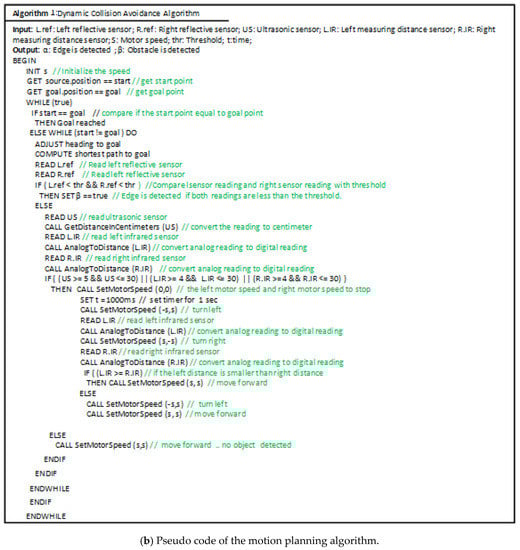 - Ullah, I.; Ullah, Q.; Ullah, F.; Seoyong, S. Integrated collision avoidance and tracking system for mobile robot. In Proceedings of the IEEE Robotics and Artificial Intelligence (ICRAI), Islamabad, Pakistan, 22–23 October 2012; pp. 61–67. [Google Scholar]
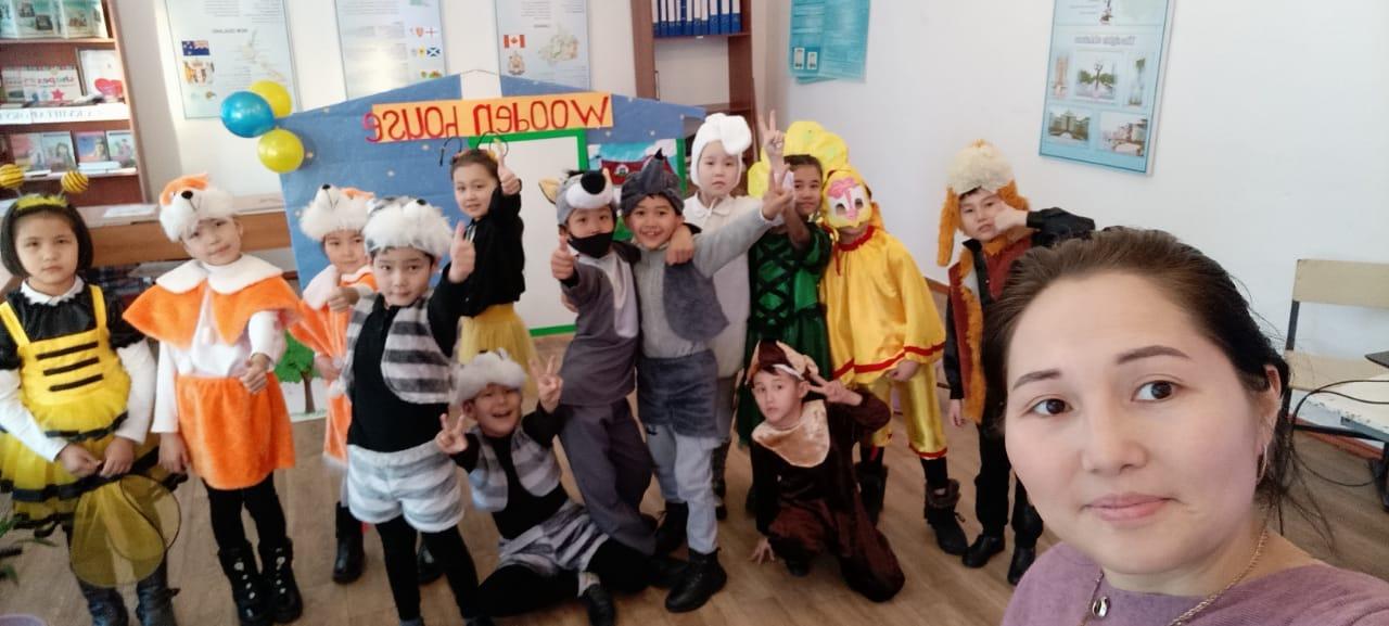 04 март 2022 0 1 2 3 4 5 «Ертегілер елінде» атты шарада оқушылар ағылшын тілінде сөйлеп, ертегілерді сахналады.
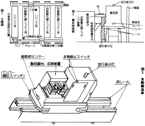 自動搬送車の安全装置としては、前後に超音波センサーおよび触圧スイッチ(バンパーの接触により作動)と左右に非常停止ボタンが設置されている。当時の安全装置の状況は、超音波センサーの感知範囲が角度20度、距離1.2m以内のため、Aの位置では感知しなかった。このため、バンパーに内蔵されている触圧スイッチは、Aに接触したが、側面での接触のためスイッチ作動が遅れたことなどのため、はさまれ負傷したものである。
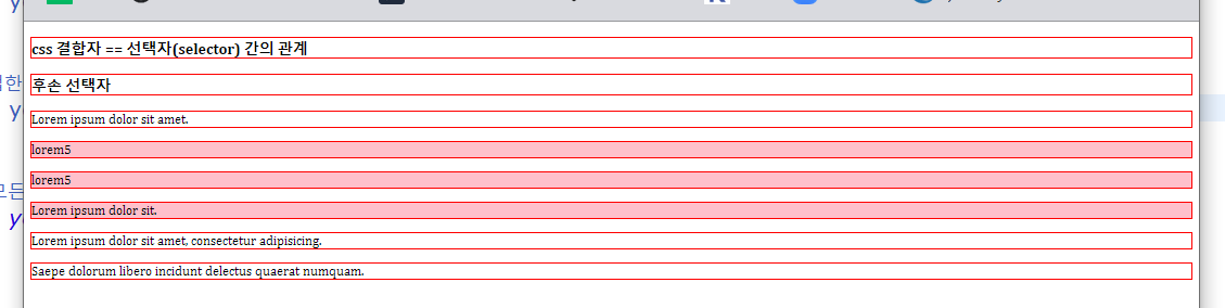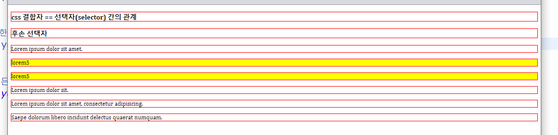 <h3>css 결합자 == 선택자(selector) 간의 관계</h3>
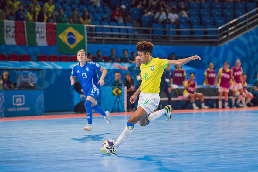 A seleção brasileira de futsal feminino venceu a Itália por 6 a 1, garantindo classificação antecipada na Copa do Mundo.
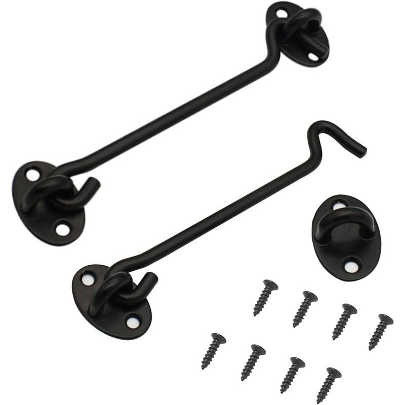Materiale durevole: il gancio di chiusura della porta è realizzato in acciaio inossidabile, la superficie è spazzolata, bella e lucida, non facile da sbiadire, resistente all'ossidazione e alla corrosione. Design speciale: dopo il design speciale del gancio, può essere utilizzato anche come porta tappo. Anche quando le porte non sono completamente allineate, queste serrature e catenacci con gancio da cabina hanno sufficiente libertà di movimento e possono essere fissati in modo sicuro. Perfetta vestibilità: i ganci per la cabina e la serratura a occhiello sono neri opachi, facili da abbinare. diversi stili di porte e finestre, se moderne, country, retrò, stili di moda possono essere integrati. Adatto per porte fisse di capannoni, porte da giardino, ante di armadi, porte in legno massello, porte finestre, persiane e finestre, ecc. Facile da installare: ogni chiusura a occhiello ha 4 viti, non è necessario spendere soldi per riacquistarla. È sufficiente praticare le viti attraverso i
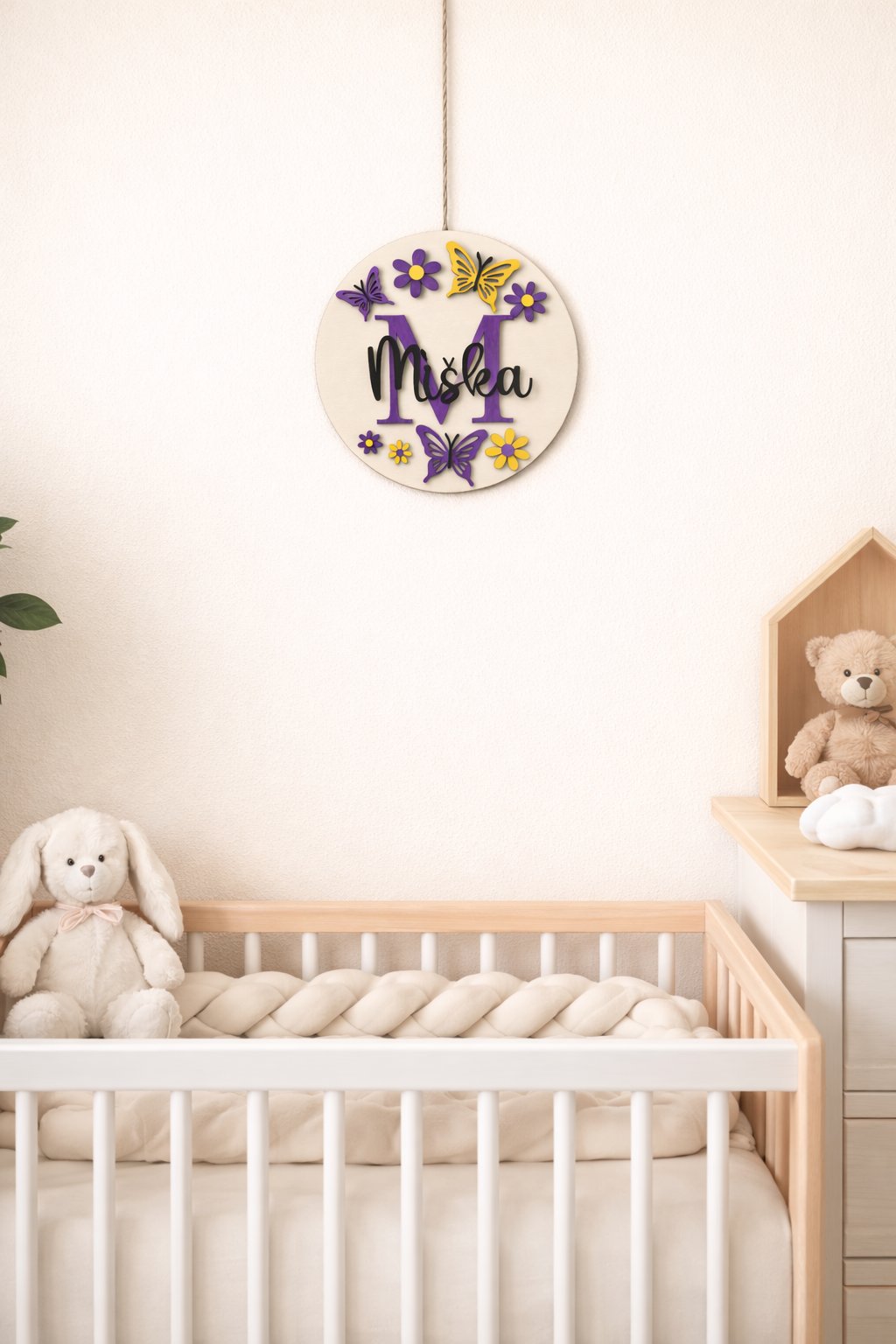 Originálna dekorácia vyrobená z kvalitnej preglejky, zdobená motýľmi a kvetmi. Každý detail je ručne maľovaný akrylovými farbami, vďaka čomu je každý kus jedinečný a plný farieb. Ideálna ako krásny doplnok do detskej izby.

____________________

## Problem statement
Everything from the line with "自動搬送車の安全装置としては" down to the line with "A seleção brasileira" in the data above should be copied exactly, with both end lines kept and the pictures left out.

## Response
 自動搬送車の安全装置としては、前後に超音波センサーおよび触圧スイッチ(バンパーの接触により作動)と左右に非常停止ボタンが設置されている。当時の安全装置の状況は、超音波センサーの感知範囲が角度20度、距離1.2m以内のため、Aの位置では感知しなかった。このため、バンパーに内蔵されている触圧スイッチは、Aに接触したが、側面での接触のためスイッチ作動が遅れたことなどのため、はさまれ負傷したものである。
 <h3>css 결합자 == 선택자(selector) 간의 관계</h3>
 A seleção brasileira de futsal feminino venceu a Itália por 6 a 1, garantindo classificação antecipada na Copa do Mundo.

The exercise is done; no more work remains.